- Problem statement
Transcribe only the lines between the first line of the records and the line containing "Noemenswaardig is de", inclusive, exactly as written.

Extracted entries Block Start

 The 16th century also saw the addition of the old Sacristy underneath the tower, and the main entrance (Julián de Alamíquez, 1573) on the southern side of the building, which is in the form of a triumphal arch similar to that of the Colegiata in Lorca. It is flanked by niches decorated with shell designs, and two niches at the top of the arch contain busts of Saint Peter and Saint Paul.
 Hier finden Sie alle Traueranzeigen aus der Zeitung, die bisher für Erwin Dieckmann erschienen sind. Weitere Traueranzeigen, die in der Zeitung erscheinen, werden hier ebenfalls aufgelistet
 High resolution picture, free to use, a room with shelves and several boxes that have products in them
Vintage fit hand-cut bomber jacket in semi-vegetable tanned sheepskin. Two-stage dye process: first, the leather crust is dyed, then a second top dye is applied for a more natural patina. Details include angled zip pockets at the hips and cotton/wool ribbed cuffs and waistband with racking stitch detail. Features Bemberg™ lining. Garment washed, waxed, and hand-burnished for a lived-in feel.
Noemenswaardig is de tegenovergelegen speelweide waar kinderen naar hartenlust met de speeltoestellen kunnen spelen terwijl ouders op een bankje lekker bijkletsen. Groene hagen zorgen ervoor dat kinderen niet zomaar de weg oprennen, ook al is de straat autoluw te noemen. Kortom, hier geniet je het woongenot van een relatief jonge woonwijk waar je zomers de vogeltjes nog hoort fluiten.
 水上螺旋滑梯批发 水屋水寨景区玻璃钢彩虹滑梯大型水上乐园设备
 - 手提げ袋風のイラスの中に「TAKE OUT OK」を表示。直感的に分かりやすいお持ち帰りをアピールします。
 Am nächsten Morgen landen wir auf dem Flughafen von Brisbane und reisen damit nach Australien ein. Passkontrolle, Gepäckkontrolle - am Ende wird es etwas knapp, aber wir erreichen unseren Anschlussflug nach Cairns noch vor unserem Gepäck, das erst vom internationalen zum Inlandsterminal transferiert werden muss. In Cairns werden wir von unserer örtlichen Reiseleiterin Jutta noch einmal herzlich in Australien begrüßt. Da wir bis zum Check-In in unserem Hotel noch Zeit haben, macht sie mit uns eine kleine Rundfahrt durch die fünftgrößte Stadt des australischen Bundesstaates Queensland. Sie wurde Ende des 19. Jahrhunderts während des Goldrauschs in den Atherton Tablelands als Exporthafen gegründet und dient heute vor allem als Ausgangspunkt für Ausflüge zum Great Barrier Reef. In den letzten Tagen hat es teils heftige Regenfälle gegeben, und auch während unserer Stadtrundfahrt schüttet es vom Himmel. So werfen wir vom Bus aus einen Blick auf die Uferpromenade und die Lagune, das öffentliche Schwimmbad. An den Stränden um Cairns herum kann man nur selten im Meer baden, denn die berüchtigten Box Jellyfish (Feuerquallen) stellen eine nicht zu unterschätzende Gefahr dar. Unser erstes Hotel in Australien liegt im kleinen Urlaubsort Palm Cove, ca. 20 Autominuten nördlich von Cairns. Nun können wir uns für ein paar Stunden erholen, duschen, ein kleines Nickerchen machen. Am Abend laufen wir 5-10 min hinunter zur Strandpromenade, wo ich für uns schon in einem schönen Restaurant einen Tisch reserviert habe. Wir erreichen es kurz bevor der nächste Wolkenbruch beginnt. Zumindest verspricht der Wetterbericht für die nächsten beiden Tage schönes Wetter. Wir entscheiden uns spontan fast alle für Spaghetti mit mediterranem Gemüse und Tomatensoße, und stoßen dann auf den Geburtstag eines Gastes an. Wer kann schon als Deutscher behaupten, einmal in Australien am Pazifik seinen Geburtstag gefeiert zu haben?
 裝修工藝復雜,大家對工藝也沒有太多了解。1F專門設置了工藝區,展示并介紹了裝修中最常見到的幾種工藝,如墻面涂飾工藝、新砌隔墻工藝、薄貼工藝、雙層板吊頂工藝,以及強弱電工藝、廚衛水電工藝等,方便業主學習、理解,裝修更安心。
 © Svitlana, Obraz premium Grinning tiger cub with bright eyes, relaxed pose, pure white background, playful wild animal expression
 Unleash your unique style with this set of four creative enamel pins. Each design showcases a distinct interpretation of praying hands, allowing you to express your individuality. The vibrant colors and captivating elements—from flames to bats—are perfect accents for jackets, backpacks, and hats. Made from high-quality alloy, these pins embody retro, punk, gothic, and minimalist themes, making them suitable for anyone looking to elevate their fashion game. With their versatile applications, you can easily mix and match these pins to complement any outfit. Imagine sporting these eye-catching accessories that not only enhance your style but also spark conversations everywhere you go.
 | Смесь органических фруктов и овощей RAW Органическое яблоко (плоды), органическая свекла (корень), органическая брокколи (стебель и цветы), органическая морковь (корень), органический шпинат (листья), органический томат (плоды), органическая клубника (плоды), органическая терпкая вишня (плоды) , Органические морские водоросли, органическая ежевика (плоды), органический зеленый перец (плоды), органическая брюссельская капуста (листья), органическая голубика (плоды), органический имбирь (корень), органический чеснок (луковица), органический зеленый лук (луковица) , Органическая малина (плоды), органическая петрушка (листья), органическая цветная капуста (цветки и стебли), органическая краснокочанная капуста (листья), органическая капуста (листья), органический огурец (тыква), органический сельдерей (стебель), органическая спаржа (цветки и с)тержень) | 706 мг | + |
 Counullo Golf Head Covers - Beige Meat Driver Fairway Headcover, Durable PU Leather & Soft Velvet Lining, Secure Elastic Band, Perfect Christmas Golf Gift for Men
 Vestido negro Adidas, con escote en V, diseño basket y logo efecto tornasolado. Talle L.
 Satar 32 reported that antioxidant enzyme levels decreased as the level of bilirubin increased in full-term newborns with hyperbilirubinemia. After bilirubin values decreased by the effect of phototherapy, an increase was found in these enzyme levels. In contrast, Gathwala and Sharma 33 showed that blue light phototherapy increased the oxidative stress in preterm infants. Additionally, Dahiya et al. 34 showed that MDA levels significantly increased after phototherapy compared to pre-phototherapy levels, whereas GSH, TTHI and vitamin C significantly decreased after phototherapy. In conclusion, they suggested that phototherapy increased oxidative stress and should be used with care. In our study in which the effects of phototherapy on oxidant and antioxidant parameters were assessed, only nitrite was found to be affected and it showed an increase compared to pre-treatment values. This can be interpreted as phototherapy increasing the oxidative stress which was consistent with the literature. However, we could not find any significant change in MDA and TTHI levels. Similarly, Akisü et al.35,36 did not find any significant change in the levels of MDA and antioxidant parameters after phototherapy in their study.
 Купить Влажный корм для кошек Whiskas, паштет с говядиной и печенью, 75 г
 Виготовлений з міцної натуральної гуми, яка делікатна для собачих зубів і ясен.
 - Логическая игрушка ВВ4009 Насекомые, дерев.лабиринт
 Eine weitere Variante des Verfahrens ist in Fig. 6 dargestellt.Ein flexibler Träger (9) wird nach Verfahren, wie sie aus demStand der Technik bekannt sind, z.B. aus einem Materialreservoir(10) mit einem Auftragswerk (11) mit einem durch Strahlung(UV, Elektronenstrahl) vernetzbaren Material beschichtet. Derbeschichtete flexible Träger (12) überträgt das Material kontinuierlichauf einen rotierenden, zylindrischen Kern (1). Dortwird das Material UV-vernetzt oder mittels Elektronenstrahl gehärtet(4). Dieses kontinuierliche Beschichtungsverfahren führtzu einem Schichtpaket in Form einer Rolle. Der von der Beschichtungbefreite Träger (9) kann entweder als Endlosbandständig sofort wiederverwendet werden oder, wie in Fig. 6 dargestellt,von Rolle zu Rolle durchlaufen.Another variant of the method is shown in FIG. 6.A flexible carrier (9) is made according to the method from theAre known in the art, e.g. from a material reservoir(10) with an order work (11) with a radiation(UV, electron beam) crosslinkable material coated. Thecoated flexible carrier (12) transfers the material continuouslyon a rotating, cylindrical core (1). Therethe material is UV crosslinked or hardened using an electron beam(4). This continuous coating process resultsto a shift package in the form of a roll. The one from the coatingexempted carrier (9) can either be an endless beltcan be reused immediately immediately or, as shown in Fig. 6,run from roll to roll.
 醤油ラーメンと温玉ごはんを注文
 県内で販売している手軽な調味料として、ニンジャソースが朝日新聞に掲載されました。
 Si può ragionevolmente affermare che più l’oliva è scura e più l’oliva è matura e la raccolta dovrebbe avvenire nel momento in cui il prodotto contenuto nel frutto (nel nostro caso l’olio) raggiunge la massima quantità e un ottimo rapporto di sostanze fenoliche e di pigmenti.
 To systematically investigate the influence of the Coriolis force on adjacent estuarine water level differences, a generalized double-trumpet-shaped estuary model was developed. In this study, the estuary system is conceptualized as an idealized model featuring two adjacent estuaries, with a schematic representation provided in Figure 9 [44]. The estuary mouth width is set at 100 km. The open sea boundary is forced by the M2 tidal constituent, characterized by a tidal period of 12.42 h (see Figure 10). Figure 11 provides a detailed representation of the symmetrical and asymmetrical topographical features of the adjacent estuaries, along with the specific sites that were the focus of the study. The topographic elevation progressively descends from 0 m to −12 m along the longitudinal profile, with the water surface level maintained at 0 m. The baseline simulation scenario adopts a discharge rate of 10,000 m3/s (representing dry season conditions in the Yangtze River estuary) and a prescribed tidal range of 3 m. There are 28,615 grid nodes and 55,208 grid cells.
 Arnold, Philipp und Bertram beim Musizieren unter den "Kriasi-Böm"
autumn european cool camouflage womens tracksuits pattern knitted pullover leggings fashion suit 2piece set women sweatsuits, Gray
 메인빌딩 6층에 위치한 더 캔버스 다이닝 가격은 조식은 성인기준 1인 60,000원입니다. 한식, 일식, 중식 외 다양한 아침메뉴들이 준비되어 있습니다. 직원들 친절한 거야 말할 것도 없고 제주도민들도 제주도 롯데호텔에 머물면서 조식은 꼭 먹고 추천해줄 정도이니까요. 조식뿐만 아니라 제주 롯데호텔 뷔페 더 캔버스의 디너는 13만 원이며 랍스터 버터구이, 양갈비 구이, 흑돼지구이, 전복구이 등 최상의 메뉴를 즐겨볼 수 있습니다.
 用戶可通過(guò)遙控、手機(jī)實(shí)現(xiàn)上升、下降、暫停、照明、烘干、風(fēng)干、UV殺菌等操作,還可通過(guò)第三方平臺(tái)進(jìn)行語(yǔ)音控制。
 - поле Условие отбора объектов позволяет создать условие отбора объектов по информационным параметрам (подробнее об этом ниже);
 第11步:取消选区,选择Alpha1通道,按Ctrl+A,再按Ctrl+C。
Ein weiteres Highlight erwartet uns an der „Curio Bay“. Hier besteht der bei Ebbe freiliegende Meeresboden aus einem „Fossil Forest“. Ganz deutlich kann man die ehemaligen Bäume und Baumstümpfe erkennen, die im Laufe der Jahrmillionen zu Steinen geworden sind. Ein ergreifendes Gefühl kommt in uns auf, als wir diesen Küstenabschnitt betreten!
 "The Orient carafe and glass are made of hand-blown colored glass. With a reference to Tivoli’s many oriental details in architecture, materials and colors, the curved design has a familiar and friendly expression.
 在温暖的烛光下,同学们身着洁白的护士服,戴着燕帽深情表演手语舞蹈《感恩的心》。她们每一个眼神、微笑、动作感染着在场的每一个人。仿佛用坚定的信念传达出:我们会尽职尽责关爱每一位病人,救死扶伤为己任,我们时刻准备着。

Extracted entries Block End

- Exercise response
 The 16th century also saw the addition of the old Sacristy underneath the tower, and the main entrance (Julián de Alamíquez, 1573) on the southern side of the building, which is in the form of a triumphal arch similar to that of the Colegiata in Lorca. It is flanked by niches decorated with shell designs, and two niches at the top of the arch contain busts of Saint Peter and Saint Paul.
 Hier finden Sie alle Traueranzeigen aus der Zeitung, die bisher für Erwin Dieckmann erschienen sind. Weitere Traueranzeigen, die in der Zeitung erscheinen, werden hier ebenfalls aufgelistet
 High resolution picture, free to use, a room with shelves and several boxes that have products in them
Vintage fit hand-cut bomber jacket in semi-vegetable tanned sheepskin. Two-stage dye process: first, the leather crust is dyed, then a second top dye is applied for a more natural patina. Details include angled zip pockets at the hips and cotton/wool ribbed cuffs and waistband with racking stitch detail. Features Bemberg™ lining. Garment washed, waxed, and hand-burnished for a lived-in feel.
Noemenswaardig is de tegenovergelegen speelweide waar kinderen naar hartenlust met de speeltoestellen kunnen spelen terwijl ouders op een bankje lekker bijkletsen. Groene hagen zorgen ervoor dat kinderen niet zomaar de weg oprennen, ook al is de straat autoluw te noemen. Kortom, hier geniet je het woongenot van een relatief jonge woonwijk waar je zomers de vogeltjes nog hoort fluiten.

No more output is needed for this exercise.